# Applying Australia visiting visa online for parents



## ramoz (Nov 27, 2011)

I am planning to apply for visitor visa for my parents. Its just a short duration may be 2 months. I have three questions.


Can I apply visa thru online? Because the eligible passport holders LINK doesn't include India and China. So Paper application is the only option?
If I want to lodge the paper application which form should I consider for filling? Is it
1149 - Application for sponsorship for Sponsored Family Visitors
or
1148 - Application for a Visitor visa – Sponsored Family stream
No need to book the tickets before granting the visa?

Thanks in advance


----------



## girlaussie (Nov 21, 2012)

1: If your country is not listed in the given link then certainly you have no online option. 

2: 1149- This form is for the sponsor of visitor visa applicants applying for a Visitor visa – Sponsored Family stream.

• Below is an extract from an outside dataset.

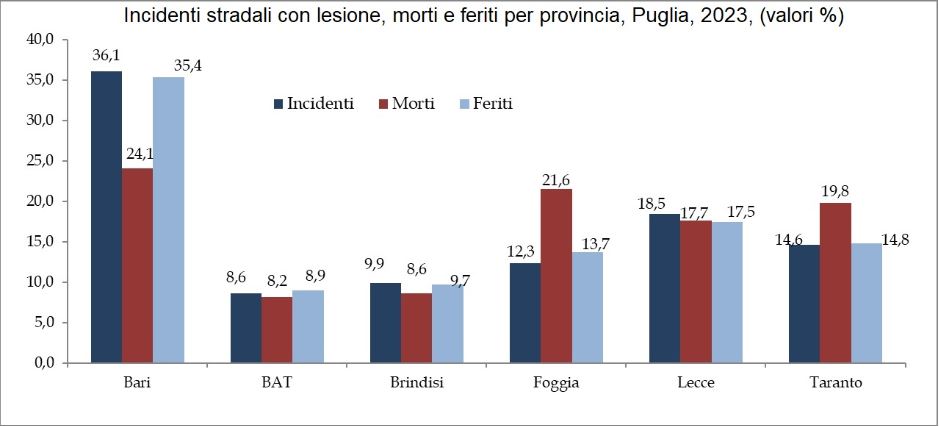 "Nel 2023 le strade pugliesi sono state teatro di 9.843 incidenti stradali con lesione, di cui 206 mortali, che hanno provocato 232 vittime (+2%) così ripartite: 166 conducenti, 45 persone trasportate, 21 pedoni e 14.918 feriti (+4%). In media, 27 incidenti con lesioni al giorno.

The other form is 1418 not 1148

3: Absolutely NO

Girl Aussie


----------



## ramoz (Nov 27, 2011)

Thanks a bunch girlaussie


----------



## girlaussie (Nov 21, 2012)

No worries 

Girl Aussie 



ramoz said:


> Thanks a bunch girlaussie


----------



## Jamd (Nov 24, 2012)

girlaussie said:


> 1: If your country is not listed in the given link then certainly you have no online option.
> 
> 2: 1149- This form is for the sponsor of visitor visa applicants applying for a Visitor visa – Sponsored Family stream. The other form is 1418 not 1148
> 
> ...


Hi,
Can you advise the duration for which visa is granted if PR holder wants to bring his/her parents on tourist visa? And whats the maximum length of stay allowable in single entry? 

Response will be much appreciated. Thanks.
Regards,


----------



## girlaussie (Nov 21, 2012)

It really depends, it could be for up to three, six or 12 months. 

They can go for family-sponsored visit visa if you have been settled in Australia for a reasonable period (usually more than two years).

Visitor visa (subclass 600)

Girl Aussie



Jamd said:


> Hi,
> Can you advise the duration for which visa is granted if PR holder wants to bring his/her parents on tourist visa? And whats the maximum length of stay allowable in single entry?
> 
> Response will be much appreciated. Thanks.
> Regards,


----------



## mikjc6 (Sep 20, 2014)

Dear Expert,

I lived in Australia from 2006 to 2009. After that I left Australia due to some personal reasons. Last month I migrated to Australia. 

- My question is can I sponsor my parents under family stream as my accumulated stay in Australia is more than 3 years?and,

- My father retired a decade ago and my mother is housewife, so what sort of documents they need to provide when they are to submit the paper based application?


----------



## gvikramjee123 (Dec 2, 2015)

Hi girlaussie, 

I would like to ask the same question as Jamd.
I have been in Australia for an year now as a Permanent Resident, and will be inviting my in-laws over in the next couple of weeks. 

please can you explain a little more about the duration bit before inviting people


thanks
Vik


----------